Jeremi Smith popełnił samobójstwo dziś w nocy. Żona znalazła go dziś nad ranem w jego biurze martwego. Według źródeł za żył truciznę, która zatrzymała pracę jego serca.
Hermiona tego ranka czytała nową gazetę przyniesioną przez Edwarda, za to Draco siedział u szczytu stołu popijając kawę zerkając na pogrążoną w czytaniu kobietę. 
-Pewnie jesteś zadowolony, jeden mniej – rzuciła kąśliwie odkładając gazetę na stół zabierając się za jedzenie.
-Po trupach do celu czyż nie tak brzmi wasze mugolskie powiedzonko – odpowiedział upijając kolejny łyk kawy, posyłając jej lodowate spojrzenie. Od samego ranna, kiedy tylko Hermiona przekroczyła próg jadalni, wiadome było, że nie jest w najlepszym humorze. Całą noc rozmyślała nad słowami swojego męża oraz jego nowym zachowaniem. Nad ranem podjęła decyzję, że nie da się tak łatwo zmanipulować nie będzie grać tak, jak on jej zagra.
-Nawet nie zaprzeczysz?
-I tak już mnie osądziłaś i masz swoją wersję wydarzeń, więc nie widzę sensu rozwałkowywania tego tematu.
-Czy może nie masz argumentów świadczących o tym, że nie maczałeś w tym palców.
-Palce to ja mogę maczać, w czym innym Granger – odparł gładko a kącik jego ust drgnął lekko do góry widząc jej zmieszaną minę.
-Podać coś jeszcze państwu?- Hermiona podziękowała w duchu służącej, która uratowała ją przed jego świdrującym spojrzeniem.
-Ja dziękuję, musze iść, bo spóźnię się do pracy – oznajmiła szybko podnosząc się z krzesła.

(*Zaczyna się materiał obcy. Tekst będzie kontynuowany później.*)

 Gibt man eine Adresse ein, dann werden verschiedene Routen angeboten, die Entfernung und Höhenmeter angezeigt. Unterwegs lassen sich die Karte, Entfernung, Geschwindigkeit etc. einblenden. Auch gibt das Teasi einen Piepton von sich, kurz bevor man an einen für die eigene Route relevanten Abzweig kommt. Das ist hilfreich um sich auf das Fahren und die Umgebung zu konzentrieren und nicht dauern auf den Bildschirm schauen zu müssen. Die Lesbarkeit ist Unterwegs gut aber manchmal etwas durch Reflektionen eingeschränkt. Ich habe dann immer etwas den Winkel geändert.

-Co mam dziś podać na obiad pani Malofy? Będzie pani dziś na obiedzie?- Zawahała się chwilę nad odpowiedzią, zastanawiając się ile jej zajmie papierkowa robota, jaka ją czekała. Ale nie chciała tu wracać, całymi dniami myślałam tylko o tym, czy jest tu Astoria albo ktoś z znajomych blondyna.
-Nie będzie mnie dziś na obiedzie, ale za to Draco pewnie tak. Więc pozostawiam jemu te decyzję.
-Ogrodnik pytał o panią, chciał ustalić czy ma zostawić te róże w ogrodzie przed domem czy nie?- Westchnęła ciężko opierając się dłonią o krzesło.
-A kto, powiedział, że mają być usuwane?- Zapytała.
-Nie wiem proszę pani, tylko przekazałam, co mi powiedział – spuściła głowę kłaniając się i szybko odchodząc nim Hermiona zada jej kolejne pytanie. Panna Granger odprowadziła ją wzrokiem póki nie zniknęła za drzwiami salonu
-Nie powinnaś iść do pracy?- Zapytał z uśmiechem a ona posłała mu spojrzenie pełne frustracji. 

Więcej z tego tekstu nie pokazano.